The Suga administration eased rules governing its use earlier this month when the health ministry notified municipalities that the cocktail — a combination of two antibodies — can now be used for patients isolating at hotels repurposed as ad hoc medical facilities. Previously, the treatment was limited to hospitalized patients.

The question now is whether the therapy can be further extended to outpatients or those told to isolate at home, a policy shift some medical experts say is necessary amid growing reports of those denied hospitalization dying at home.

A mixture of the monoclonal antibodies casirivimab and imdevimab, the intravenous therapy has been shown in clinical trials overseas to be highly effective in preventing patients from developing severe COVID-19 symptoms. Its efficacy in cutting the risk of hospitalization or death by about 70% has raised hopes that it could go a long way toward stopping hospitals from being swamped with patients that require urgent medical care.

Japan’s approval of the antibody drug, known as Ronapreve, also heralds the advent of a new dimension in its anti-virus strategy, which has for months hinged on a speedy vaccine rollout.

Currently, those eligible for the treatment are patients considered at a high risk of complications from the virus, such as those age 50 or older, smokers and those with conditions including obesity, diabetes and chronic kidney and lung diseases.

The antibody treatment — originally developed by American biotech firm Regeneron Pharmaceuticals Inc. and licensed in Japan by Tokyo-based drugmaker Chugai Pharmaceutical Co. — has drawn praise from Japan’s top leaders: Prime Minister Yoshihide Suga called it “groundbreaking,” while Tokyo Gov. Yuriko Koike billed it as “a new weapon” in the capital’s battle against the pandemic.

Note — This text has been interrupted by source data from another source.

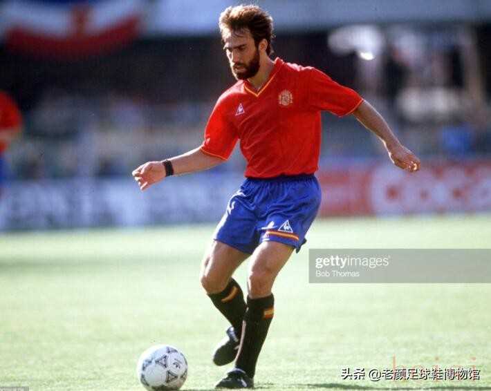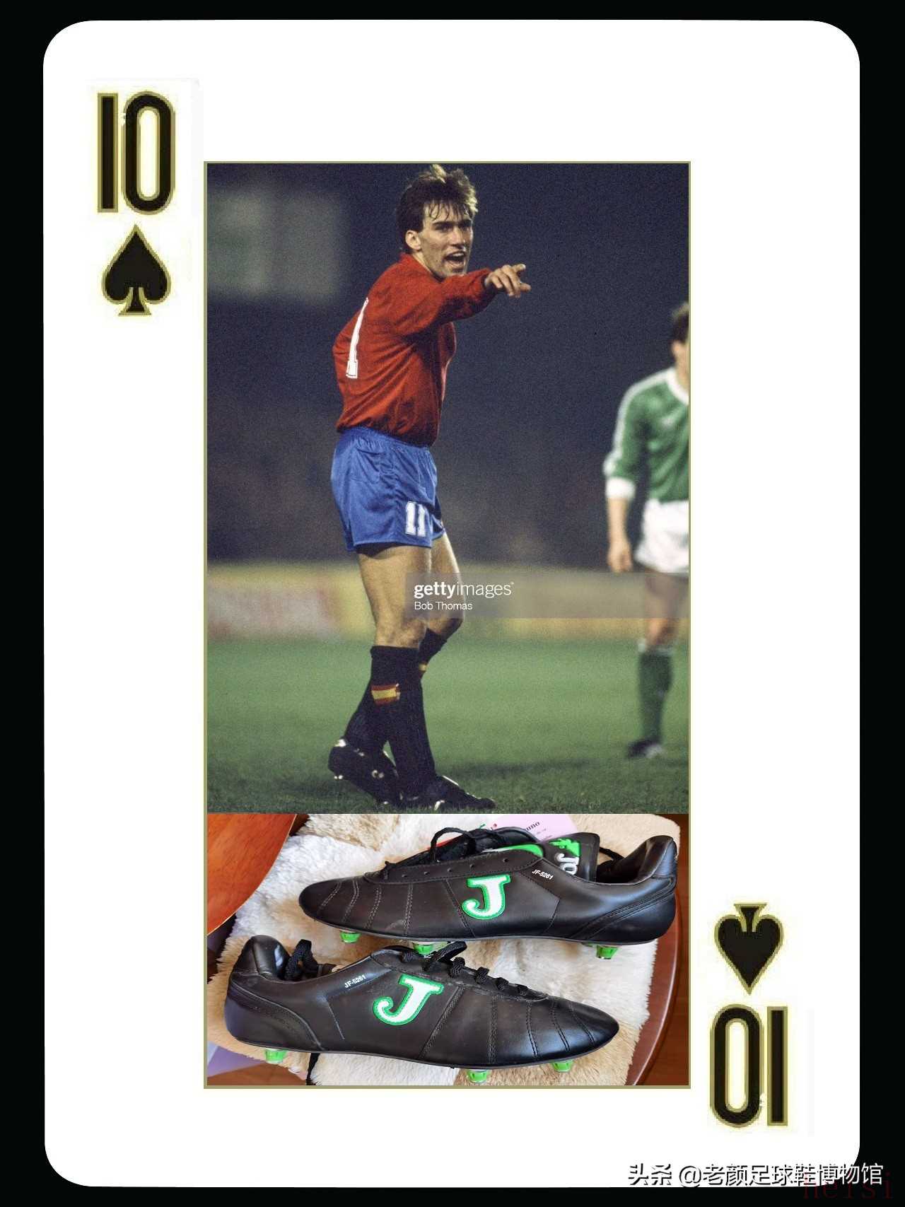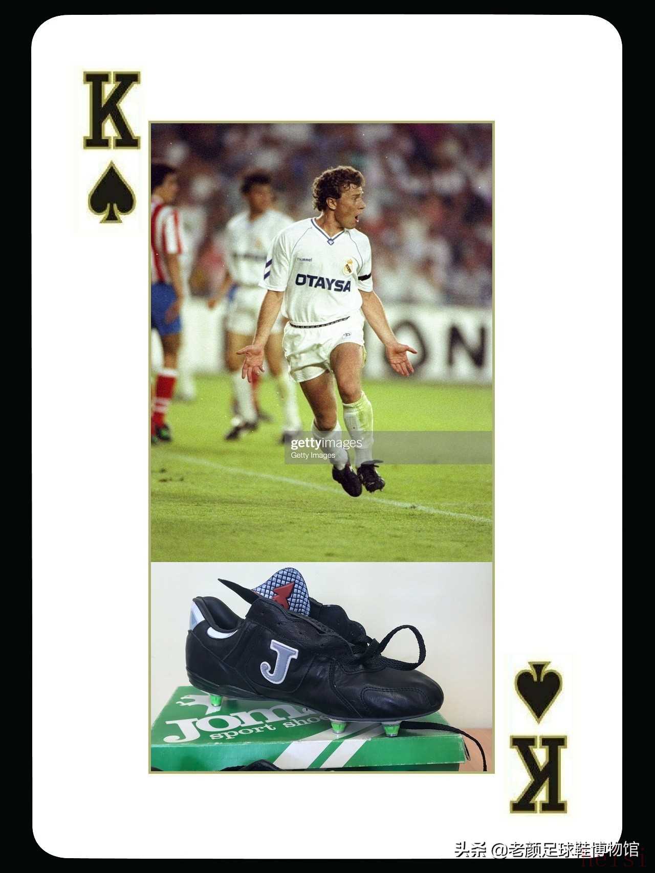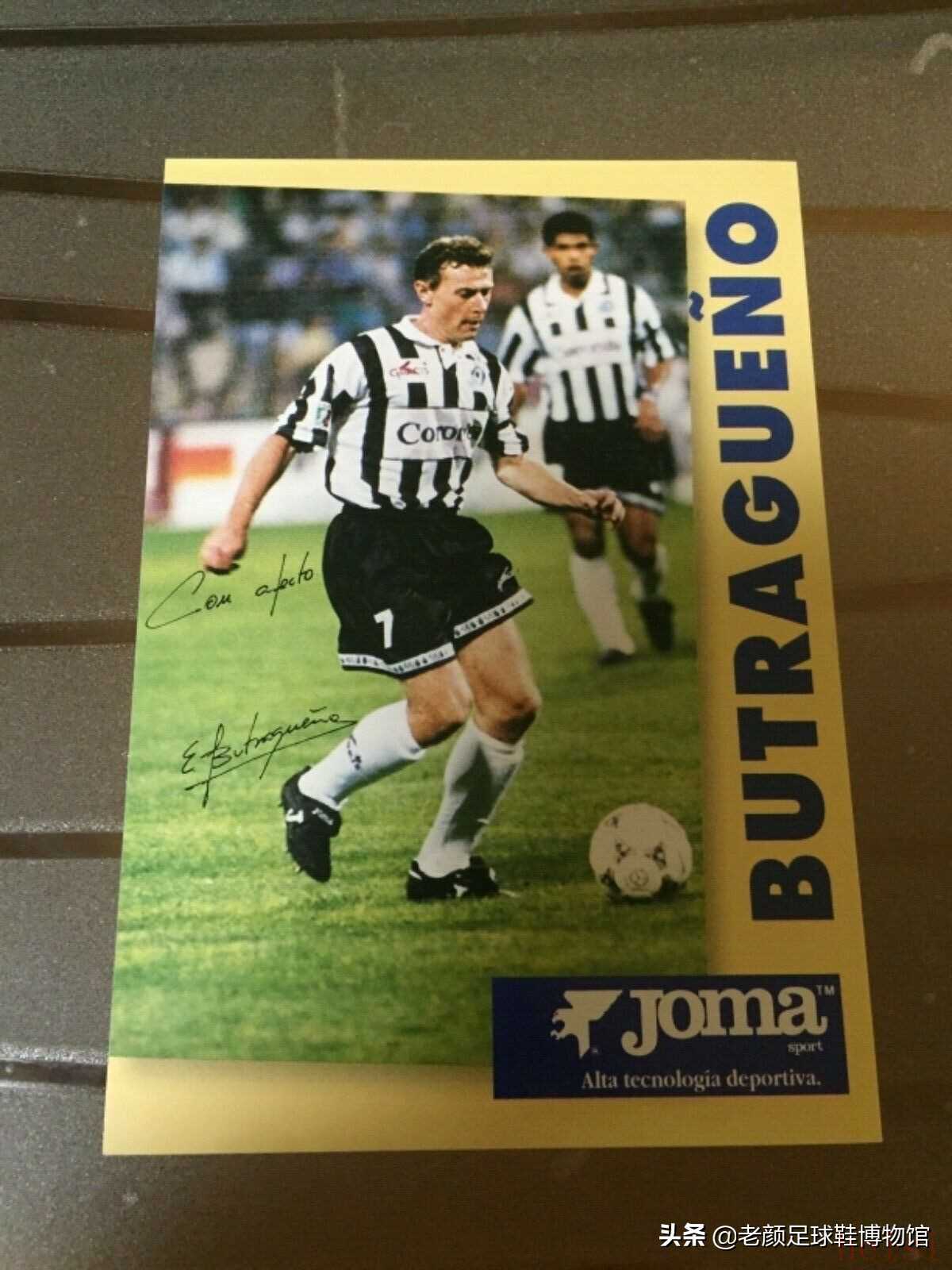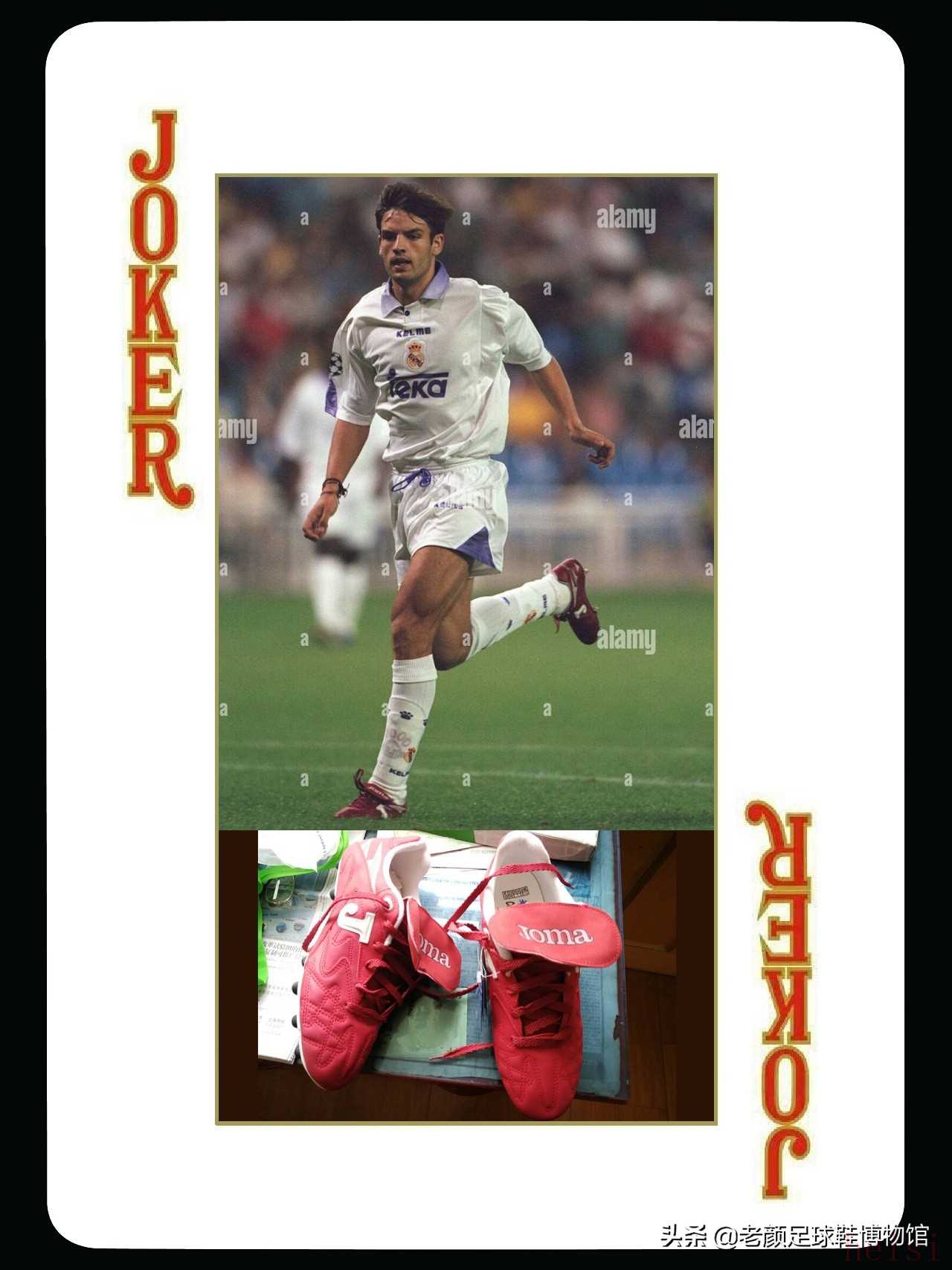 最早接受joma赞助的皇马球员是皇马五鹰之一的巴斯克斯,他是皇马中场的盘带大师,曾经在皇马获得西甲五连冠,1988年,他成为joma第一位签约赞助的球星。1990年他入选西班牙国家队参加了意大利世界杯,世界杯之后,他曾经加盟意甲都灵俱乐部,并且在意甲也踢出了名堂,91-92赛季帮助都灵获得意甲季军。之后他曾经短暂效力法甲巨无霸马赛,但并未获得成功,93年又回到皇马。平心而论,在80年代末,90年代初,joma的球鞋材质一般,鞋跟很厚,说明制鞋的工艺一般,当时球鞋型号都是以数字为代号。
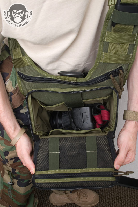 There is a new big boy in Versipack town and his name is Colossus. The Jumbo was a big version of the Fatboy, but the Colossus branches off into its own breed. The base construction starts off with an ambidextrous design rather than worrying about separate regular and S-type versions. The big show is definitely the main pouch which is now bigger and fully padded. The inner frontal side has a sleeve with elastic velcro flap and the inner back side has a sleeve/mesh sleeve combo. The mesh sleeve has been sewn down the middle to form 2 pockets. Although you can fit a lot of different things in the main pocket, the first thing I had in mind was my DSLR camera. I could do without the inner sleeves for my uses since they can snag when putting the camera in, but I think most people will find them useful. Tis better to be able to cut them out rather than wish they were there. On my Jumbo I added in some extra foam on my own, now mister Colossus comes with it standard. How the main pocket opens is also a huge plus for me. Double zippers open up the flap away from you to have immediate and free access to the main goods. The Jumbo is easy to open, but one must manage the main big flap when getting to the main pocket.
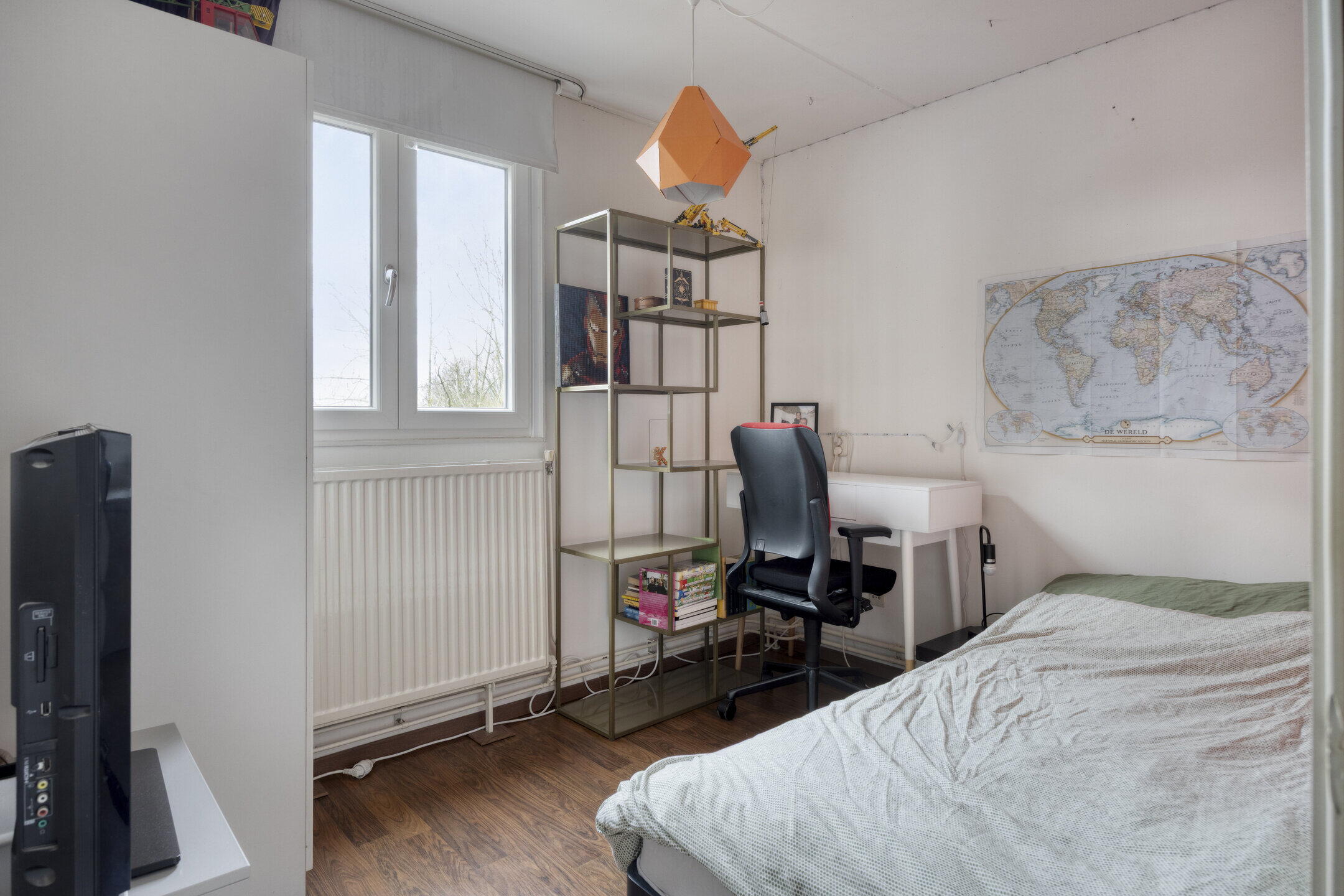 - Slaapkamer 2, ca. 13 m², gelegen aan de voorzijde met ruime kledingkast (blijft achter), met openslaande ramen/deuren naar het balkon (ca. 4 m²) op het zuiden;
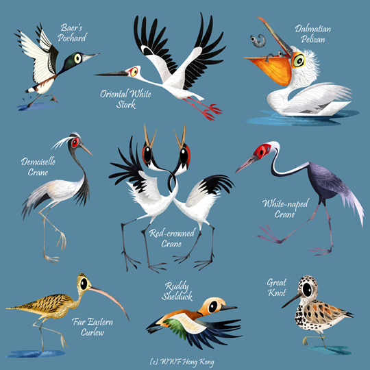 Some wetland birds I illustrated for a project on wetland management and conservation for WWF Hong Kong last year.
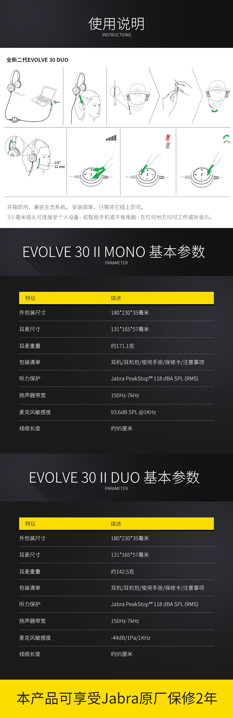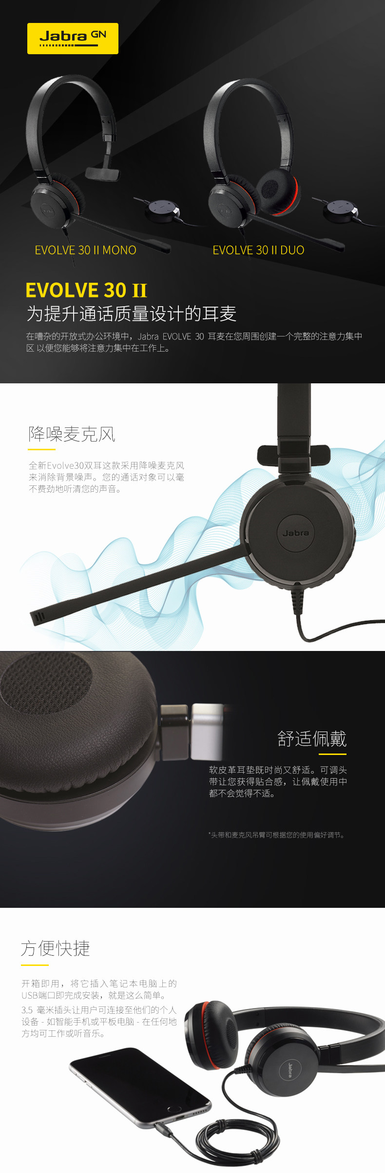 Jabra / Jabra Evolve 30 II 40 USB + 3.5 мм Управление линией один Ушное двойное ухо
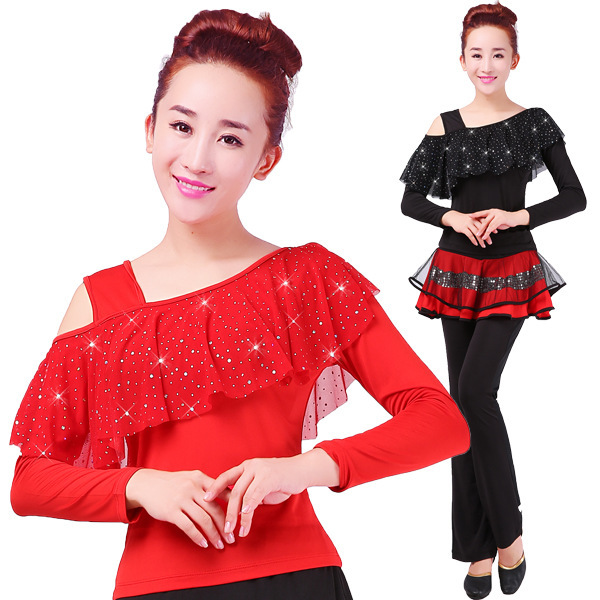 Pakaian dansa persegi atasan lengan panjang, pakaian dansa Yunshang Yang Yi atasan lengan panjang baru musim panas 2016 pakaian penampilan usia sedang dan lama
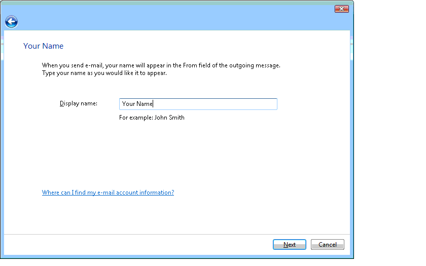 | 3) Enter your complete e-mail address, and click Next. |
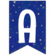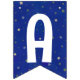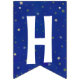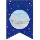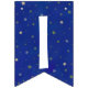 This dark blue bunting garland is a quick way to decorate for a First Trip Around The Sun birthday. It has watercolor sun and planets with the happy birthday message on a dark blue backgrouns that has gold and silver stars on it. You can customise the message if you'd like to by using the editing tool in the listing.

The health ministry is more circumspect, however. Although it has allowed the drug to be used for patients at hotels, the ministry is dismissive of any further expansion, citing the possibility of severe side effects that it says make the treatment too risky for patients who cannot be placed under prolonged medical observation.

An intravenous bag used to administer the Ronapreve monoclonal antibody treatment at a clinic in Worcester, Massachusetts, on Aug. 13 | BLOOMBERG
An intravenous bag used to administer the Ronapreve monoclonal antibody treatment at a clinic in Worcester, Massachusetts, on Aug. 13 | BLOOMBERG

Still, the revised health ministry guidelines have already prompted some municipalities to start implementing the treatment at hotels accommodating COVID-19 patients with relatively mild symptoms.

The move has been welcomed by some as making more effective use of the treatment. This is because the antibody cocktail, which needs to be administered within a week of the onset of symptoms to have any efficacy, is not necessarily suited to hospitalized patients, many of whom are already severely ill.

Among the local governments that have started applying the antibody treatment to patients at hotels, or expressed their intention to do so, are Tokyo, Fukuoka, Saitama and Osaka prefectures.

But none of these prefectures has been able to utilize the therapy for hotel patients in a significant way, with Tokyo, Fukuoka and Osaka each going ahead with the treatment at just one hotel out of the many they have opened up to COVID-19 patients.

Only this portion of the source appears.